** What this task involves **
The required answer is an exact copy of every line from the beginning of the entries through the line with "ミディウエストのクロップドパ", with all pictures omitted.

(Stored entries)

--- START ---

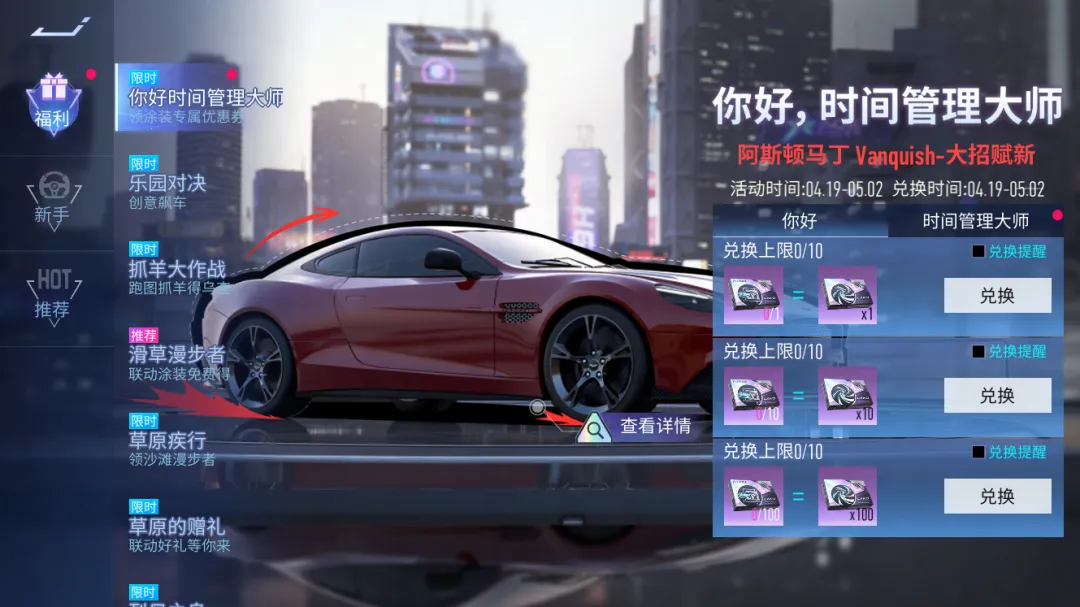为了让全体车手都能第一时间体验“新车”,感受能量回溯的赛场乐趣,焕新后的阿斯顿马丁 Vanquish将直接继承车手们目前该车辆的等级。而在4月19日,我们也准备了包含海量养成道具与试驾卡奖励在内的专属福利活动,车手们所持有的“未来位面”零件也可以1:1兑换为“能量回溯”零件(上限兑换1110枚),养成轻松又福利多多~
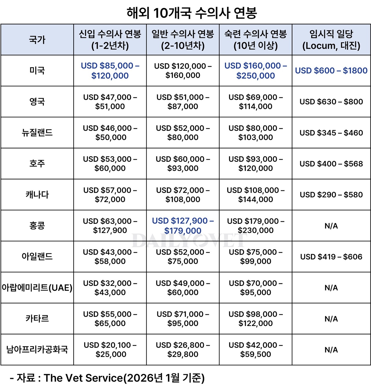 The Vet Service, 2026년 1월 기준 10개국 연봉 조사 결과 공개
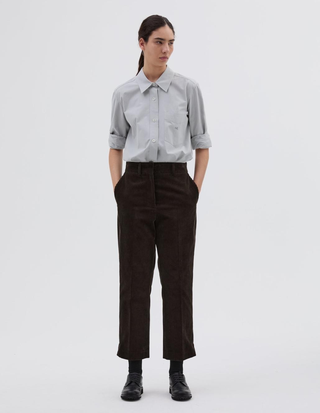 ミディウエストのクロップドパンツ。スリムカット。フックとバーで留めるジップフライ。ベルトループ付き。バータックのディテールが施されたサイドポケット。サイドスリットヘム。ボタン留めのジェットバックポケット。柔らかな手触りのイタリア製コットンコーデュロイを使用。
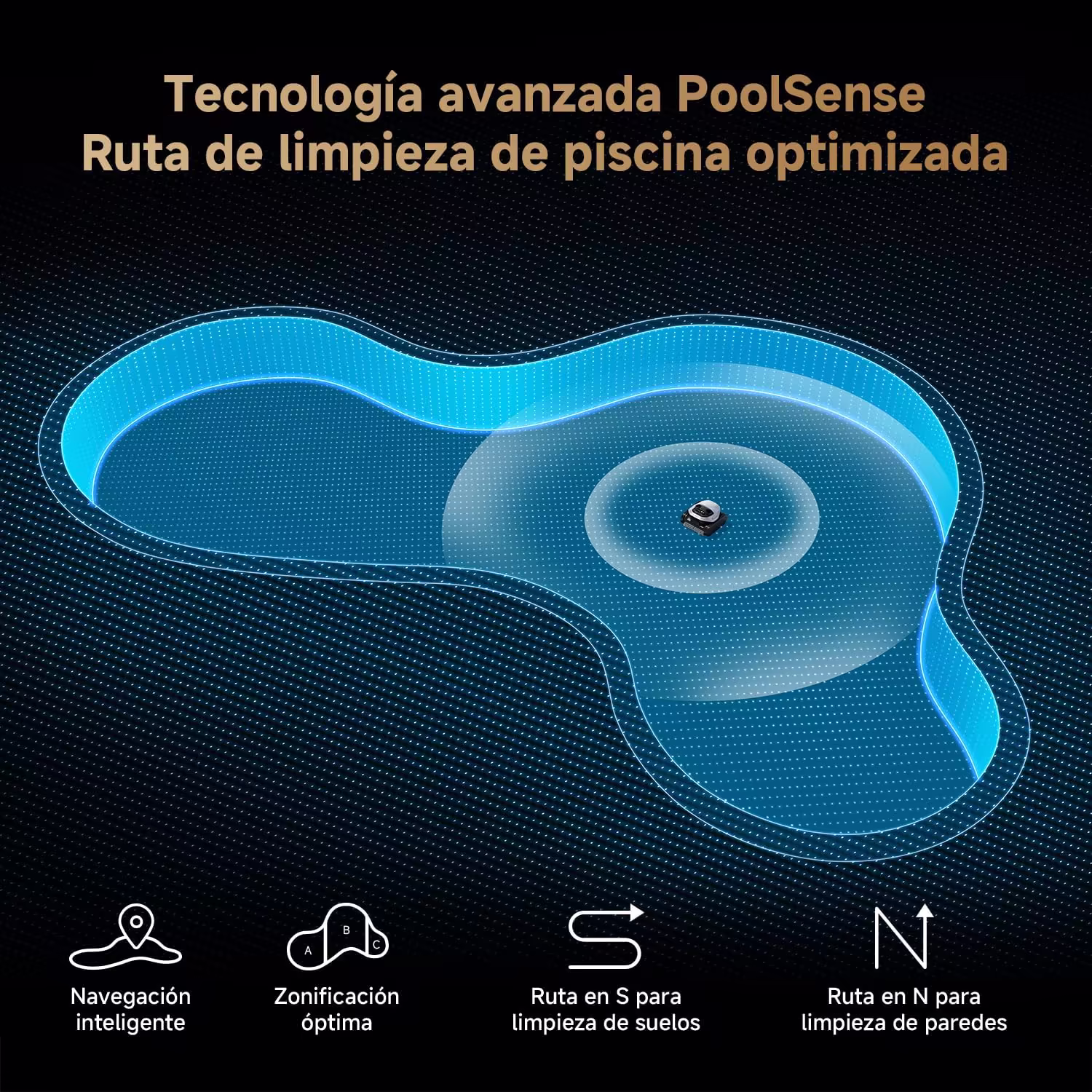 Navegación inteligente PoolSense™ 3D La tecnología PoolSense™ genera un mapa tridimensional de su piscina, ya sea enterrada o de superficie, hasta 15 metros de longitud. El robot optimiza sus trayectorias para cubrir cada superficie sin pasadas redundantes. El estacionamiento inteligente lo guía automáticamente al borde para una fácil recuperación.
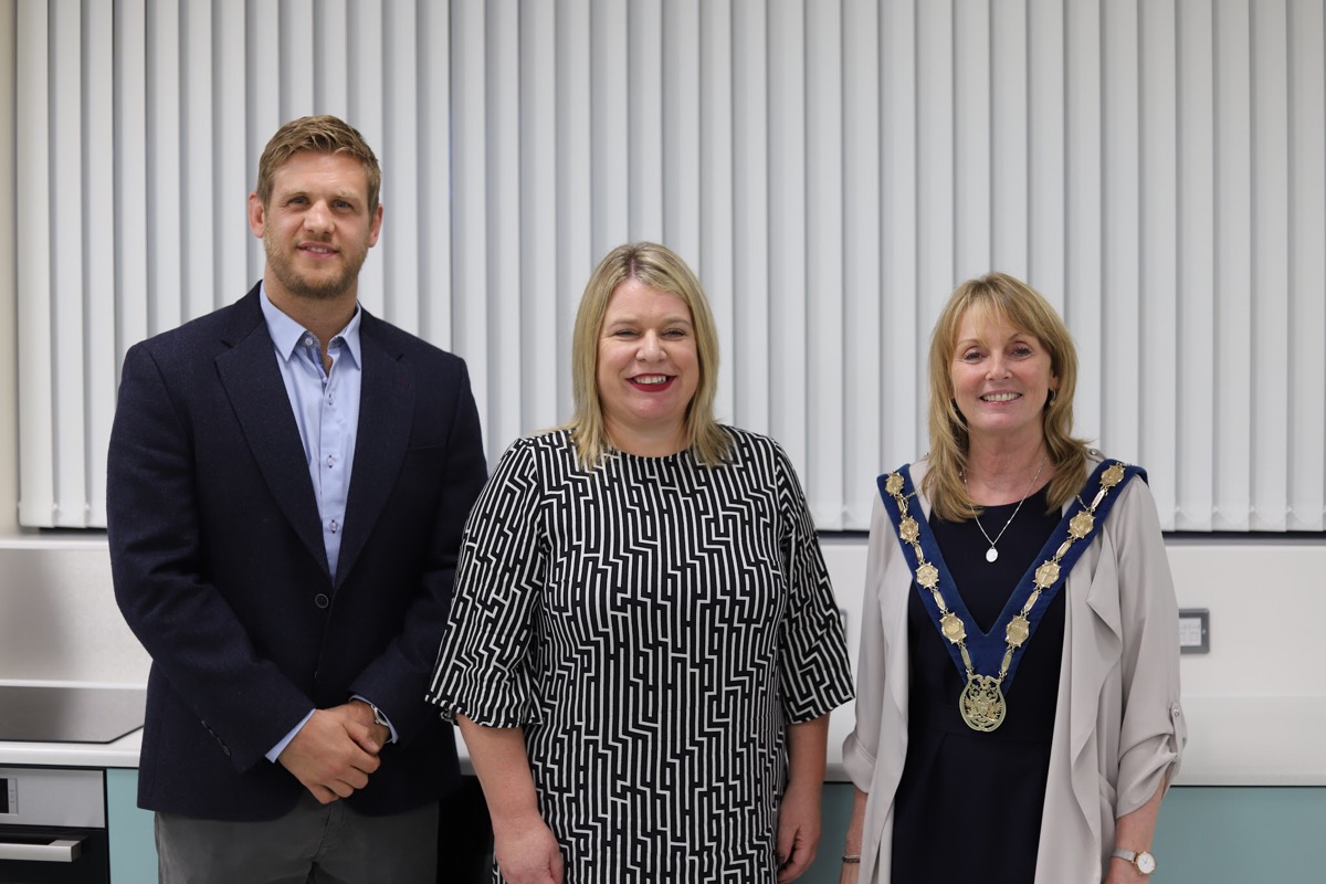 Any idea what was happening in Lisburn on the 4th October forty years ago? Sir Peter Froggatt, Vice-Chancellor of Queen’s University, was the honoured guest who officially opened what was then called the “new building” in Clonevin Park. The official programme from the opening records the cost of the building project as £1.5 million. Forty years later to the very day, Wallace’s former pupil Irish and Ulster rugby legend Chris Henry opened the new wing which forms the core of the School Enhancement project; costing £3.5 million, the School Enhancement Project has imaginatively transformed the landscape of Wallace, future-proofing the needs of a twenty first century school and ensuring that all staff and pupils are under the one roof. Mr Noel Gilpin, the Principal who oversaw the move from the Antrim Road to the iconic building in Clonevin Park, was described after his death by Dr James Kincade CBE (former Headmaster of Methodist College) as “small of stature but large of vision” and the inspirational development of the school’s sporting facilities can be seen as the fulfilment of a forty year old vision. The current Board of Governors and the Trustees of the school have made wise use of funds invested following the school’s last major building project; twenty- five years ago the Sixth Form Centre was built and significant amendments to the school’s pitches/sports facilities were planned. The memorable opening of the “smurf turf” (the school’s astro turf hockey pitch) in 2014 brought the school closer to attaining the vision which has now culminated in the finest of Strength and Conditioning suites. Designed with assistance from Ulster Rugby the facility is state-of-the-art and contains four power racks with custom laser cut branding with the Wallace High School logo. The area contains a free weights area with weight-lifting platforms, a blue astro-turf track (we like smurf turf!) for conditioning and warm-ups, plate loaded resistance machines and cardio equipment. We also have new changing rooms, new showers and even the novelty of hairdryers! Ever watched The Great British Bake-Off? If you are among its millions of fans you will have seen an oven designed to provide ease of access from a wheelchair; we are delighted to have disability access to one cooker and sink in each of the three classrooms. The floor-plan of the Nutrition and Food Science Department is generous as the bright, airy classrooms can accommodate up to twenty four pupils and each classroom has its own neighbouring multi-purpose classroom. Pupils have been enthusiastic about the tasteful colour schemes in the classrooms and the air-conditioning was much appreciated in the long hot days of summer. The Old Girls’ Association furnished the school’s first ever Home Economics classroom and prior to evolving into the Past Pupils’ Association the ladies suggested they would make a contribution to the new department; Miss Wallace (Head of Department) was delighted to suggest new cups for GCSE and A level prize-winners. The former Art Department had open plan classrooms so having your own four walls and a door is a veritable novelty for some teachers. Situated on the top floor of the new wing, the Art facility has three Art rooms, an MIA room, a workshop, an ICT suite and a Sixth form annex. There is also an impressive display area currently exhibiting GCSE, AS and A2 fashion pieces. The Technology Department, the final element of the SEP to be completed, has gained to quote Head of Department Mr Alan Monteith, a “fantastic CAD/CAM suite.”  Once fully equipped the room will lave the latest CNC router, laser cutter and 3D printers to produce the most sophisticated of projects. Technology is a popular subject at GCSE and A level so the aim was to reduce the “bottle-neck” around project development as pupils often had to wait for access to the router and laser cutter. Guests at the official opening enjoyed refreshments, musical entertainment by Julie Piggott and Andrew Li and tours of the SEP ably led by the Senior Prefect Team. The honour of officially opening the SEP fell to Chris Henry, the first Honorary President of the Past Pupils’ Association. Paying tribute to the influence of the school, its teachers and the vision of the Trustees and Governors Chris encouraged past pupils to engage with the school through practical support for the current school family. Speaking after the event Wallace Principal Mrs Deborah O’Hare observed: “Tonight was a night of celebration and an opportunity to formally place on record the thanks of the wider Wallace community to the many, many people who have helped to create facilities which will safeguard our students’ opportunities both now and in years to come. We owe a great debt to our architects Dominic Carson and Ciaran Murray and to the main contractors Martin and Hamilton who have delivered this project in an exemplary fashion. I am delighted by the opportunities this School Enhancement Project represents for our pupils, both present and future and equally delighted for the staff involved who have gained such inspiring work environments. Our Head of Maintenance Mr Colin McCutcheon has been tireless in his attention to detail throughout what have been for him long days and months. Thanks are also due to the trustees and Governors for their commitment, enthusiasm and vision. I also want to record my thanks to Chris Henry both for his presence this evening and his willingness to be involved with the Past Pupils’ Association. Chris is a great role model for all Wallace pupils, whether they are interested in sport or not, and we look forward to seeing the association flourish in the days and years to come. Finally, our thanks to the director of Lisburn Museum and his staff who have granted us the great privilege of allowing Sir Richard and lady Wallace a night out with the Wallace family.”
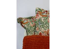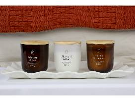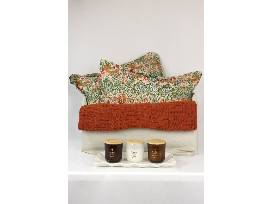Slide Cozily into fall with these tapestry covered lumbar pillows by Caldeira and chunky knit throw by Rachel Ashwell. Pillows feature the William Morris Strawberry Thief pattern on both sides in a rust-gold-green-blue colorway. 100% feather filled, 26" x 18", with zipper case for easy removal to dry clean. Tapestry covers were woven in Spain and the pillows were made in the UK. Rachel Ashwell Farmhouse knit fringed throw in rust-burnt orange with checkerboard-textured knit pattern, 50" x 70", FSC, OEKO TEX Standard 100, machine wash cool, dry flat. Enjoy them with these fall-scented candles: Three 8-ounce glass jars with wooden wicks and bamboo lids: milky glass = olive leaf and oud, amber glass = leather & embers, and amber glass = whiskey & oak. The rectangular cream colored ceramic candle plate (15" x 9") with ruffled edge is also food, dishwasher, and microwave safe.
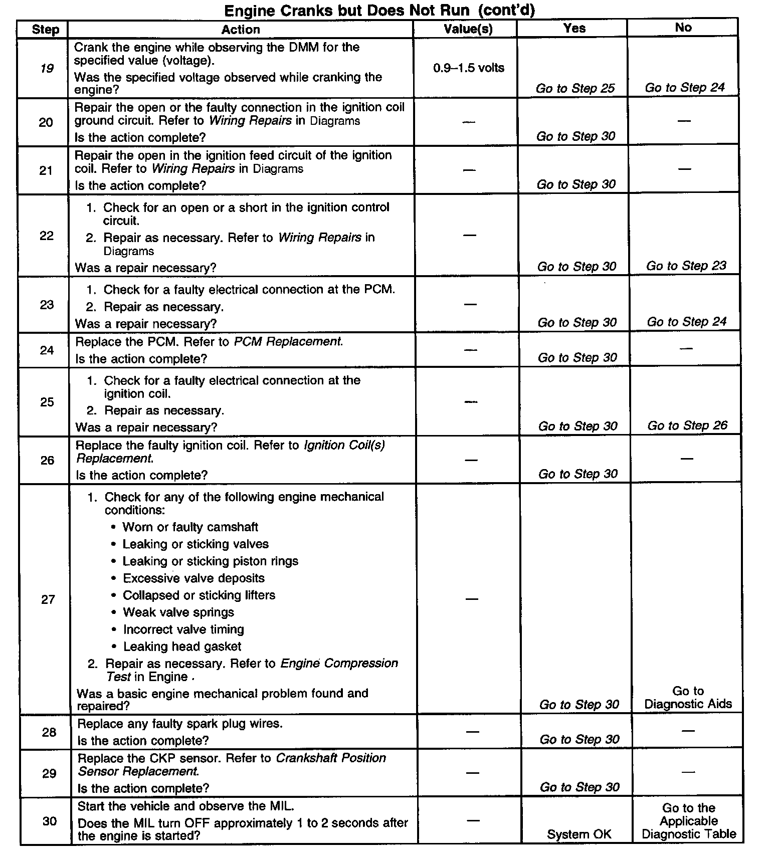 19. This step checks for an ignition signal from the PCM while cranking the engine. The PCM sends a fluctuating voltage to the ignition coils after determining the engine speed from the CKP sensor.

--- END ---

** Task answer **
为了让全体车手都能第一时间体验“新车”,感受能量回溯的赛场乐趣,焕新后的阿斯顿马丁 Vanquish将直接继承车手们目前该车辆的等级。而在4月19日,我们也准备了包含海量养成道具与试驾卡奖励在内的专属福利活动,车手们所持有的“未来位面”零件也可以1:1兑换为“能量回溯”零件(上限兑换1110枚),养成轻松又福利多多~
 The Vet Service, 2026년 1월 기준 10개국 연봉 조사 결과 공개
 ミディウエストのクロップドパンツ。スリムカット。フックとバーで留めるジップフライ。ベルトループ付き。バータックのディテールが施されたサイドポケット。サイドスリットヘム。ボタン留めのジェットバックポケット。柔らかな手触りのイタリア製コットンコーデュロイを使用。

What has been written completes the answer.